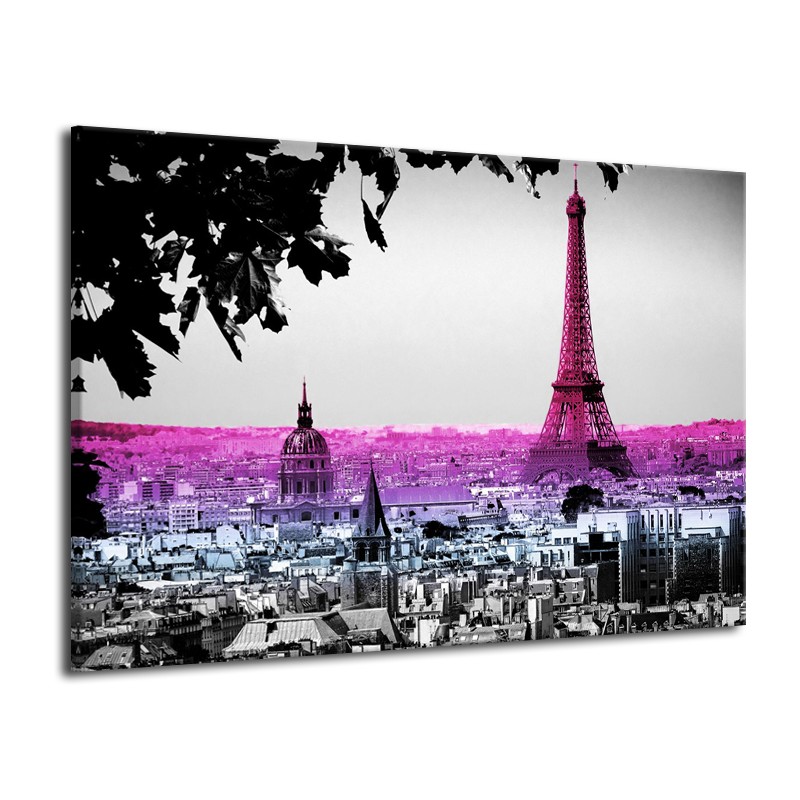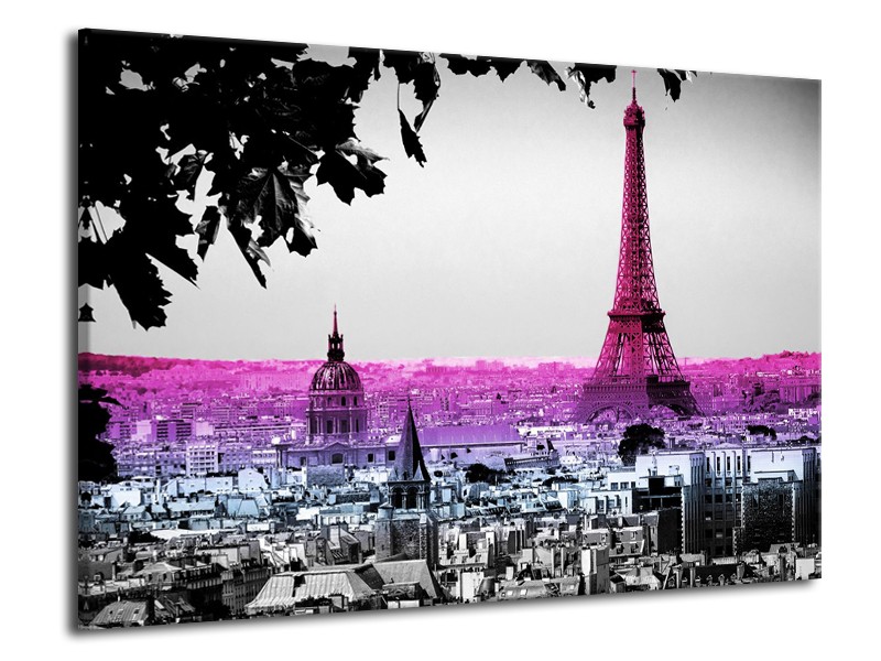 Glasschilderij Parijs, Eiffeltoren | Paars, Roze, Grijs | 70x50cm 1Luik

...

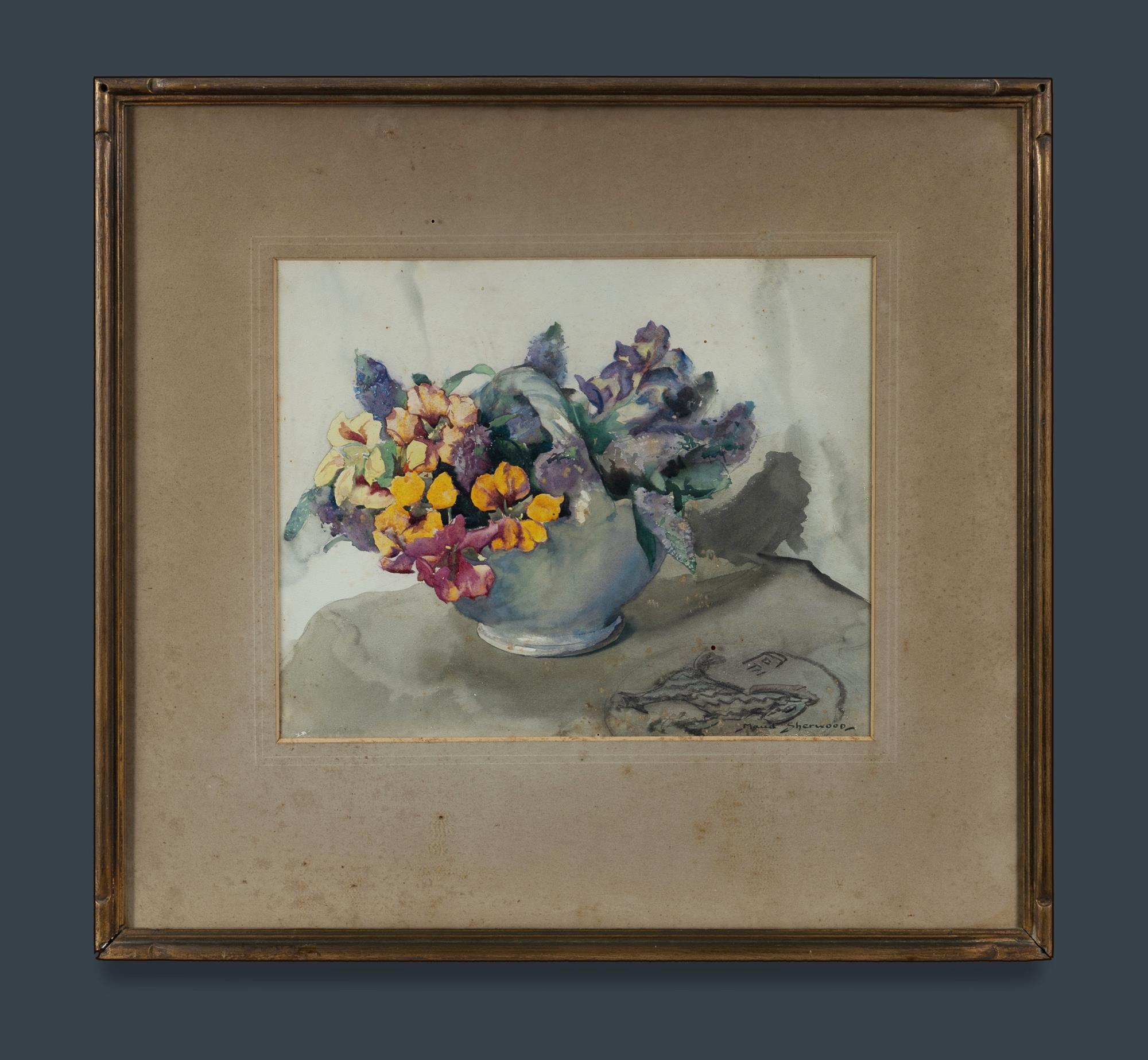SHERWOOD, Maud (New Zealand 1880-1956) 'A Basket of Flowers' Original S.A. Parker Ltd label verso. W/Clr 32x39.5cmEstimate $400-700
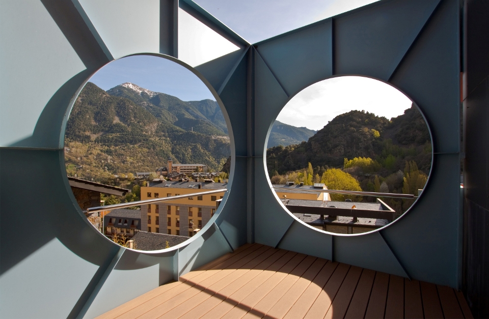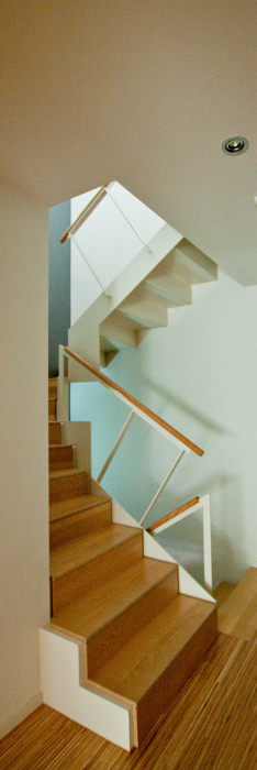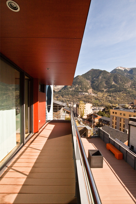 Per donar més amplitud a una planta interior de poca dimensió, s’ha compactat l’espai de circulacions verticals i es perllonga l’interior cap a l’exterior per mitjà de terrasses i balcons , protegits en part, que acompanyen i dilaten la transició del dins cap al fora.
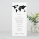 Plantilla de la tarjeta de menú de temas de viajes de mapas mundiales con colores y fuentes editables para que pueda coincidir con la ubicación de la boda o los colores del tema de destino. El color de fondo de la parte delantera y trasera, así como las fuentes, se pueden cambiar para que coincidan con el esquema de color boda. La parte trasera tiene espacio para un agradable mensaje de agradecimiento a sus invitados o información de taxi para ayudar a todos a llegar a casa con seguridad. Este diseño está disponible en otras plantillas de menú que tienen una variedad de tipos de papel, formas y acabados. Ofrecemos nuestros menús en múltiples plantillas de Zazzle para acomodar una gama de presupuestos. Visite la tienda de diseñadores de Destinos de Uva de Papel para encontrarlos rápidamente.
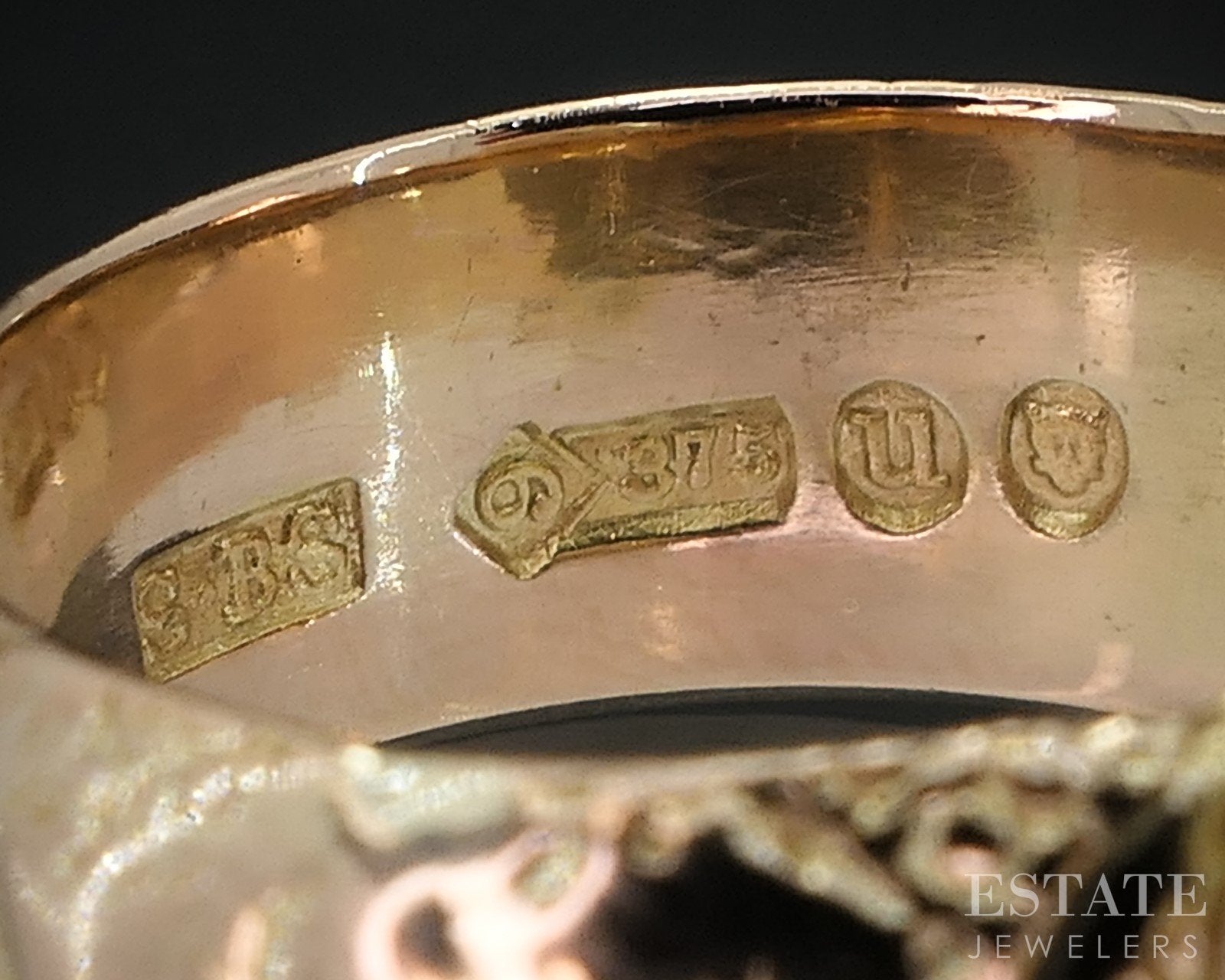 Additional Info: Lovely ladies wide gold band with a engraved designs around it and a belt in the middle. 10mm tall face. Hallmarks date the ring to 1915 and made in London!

==

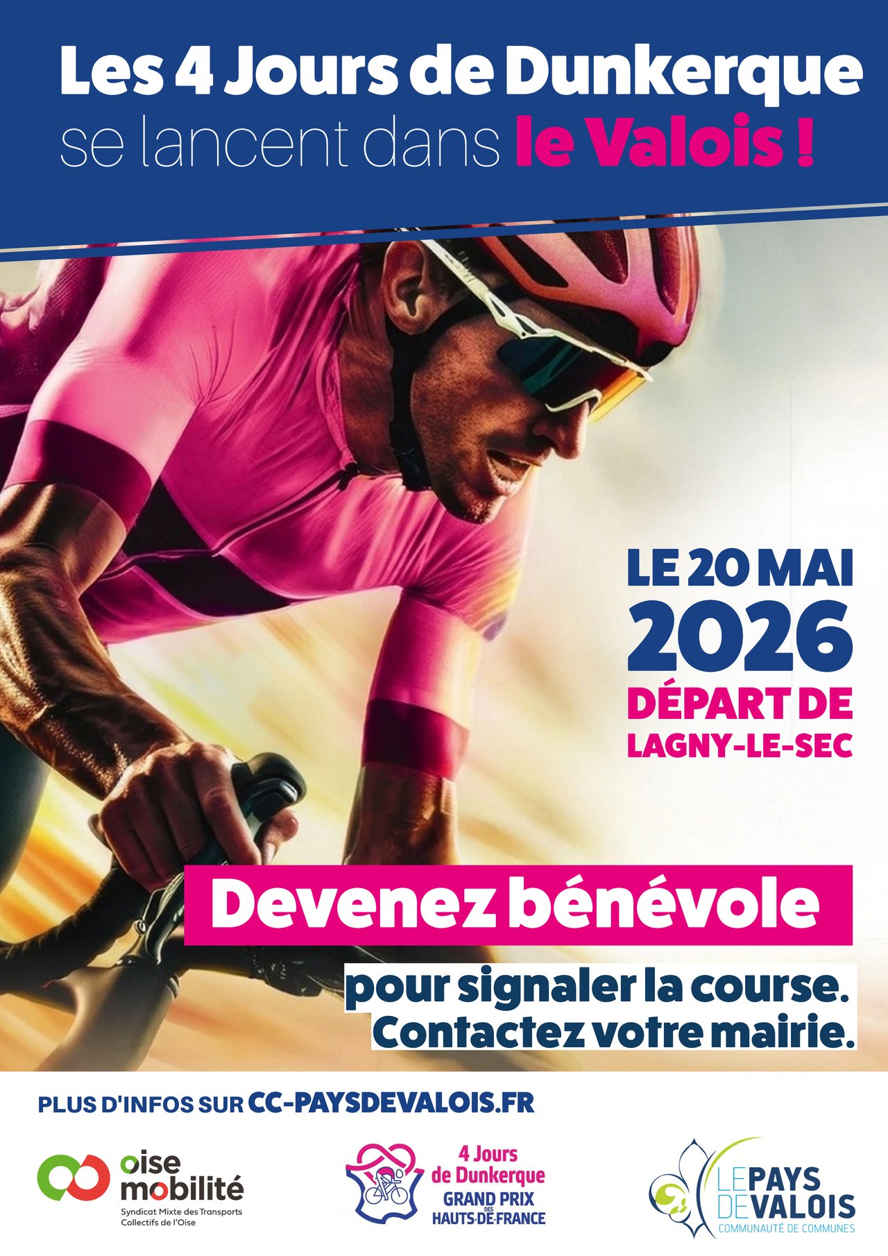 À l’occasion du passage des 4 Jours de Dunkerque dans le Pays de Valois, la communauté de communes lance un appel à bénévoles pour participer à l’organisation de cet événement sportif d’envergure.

- The task
Above are records; repeat only the lines from the line with "SHERWOOD, Maud (New" through the line with "Additional Info: Lovely", and leave pictures out.

- Solved exercise
SHERWOOD, Maud (New Zealand 1880-1956) 'A Basket of Flowers' Original S.A. Parker Ltd label verso. W/Clr 32x39.5cmEstimate $400-700
 Per donar més amplitud a una planta interior de poca dimensió, s’ha compactat l’espai de circulacions verticals i es perllonga l’interior cap a l’exterior per mitjà de terrasses i balcons , protegits en part, que acompanyen i dilaten la transició del dins cap al fora.
 Plantilla de la tarjeta de menú de temas de viajes de mapas mundiales con colores y fuentes editables para que pueda coincidir con la ubicación de la boda o los colores del tema de destino. El color de fondo de la parte delantera y trasera, así como las fuentes, se pueden cambiar para que coincidan con el esquema de color boda. La parte trasera tiene espacio para un agradable mensaje de agradecimiento a sus invitados o información de taxi para ayudar a todos a llegar a casa con seguridad. Este diseño está disponible en otras plantillas de menú que tienen una variedad de tipos de papel, formas y acabados. Ofrecemos nuestros menús en múltiples plantillas de Zazzle para acomodar una gama de presupuestos. Visite la tienda de diseñadores de Destinos de Uva de Papel para encontrarlos rápidamente.
 Additional Info: Lovely ladies wide gold band with a engraved designs around it and a belt in the middle. 10mm tall face. Hallmarks date the ring to 1915 and made in London!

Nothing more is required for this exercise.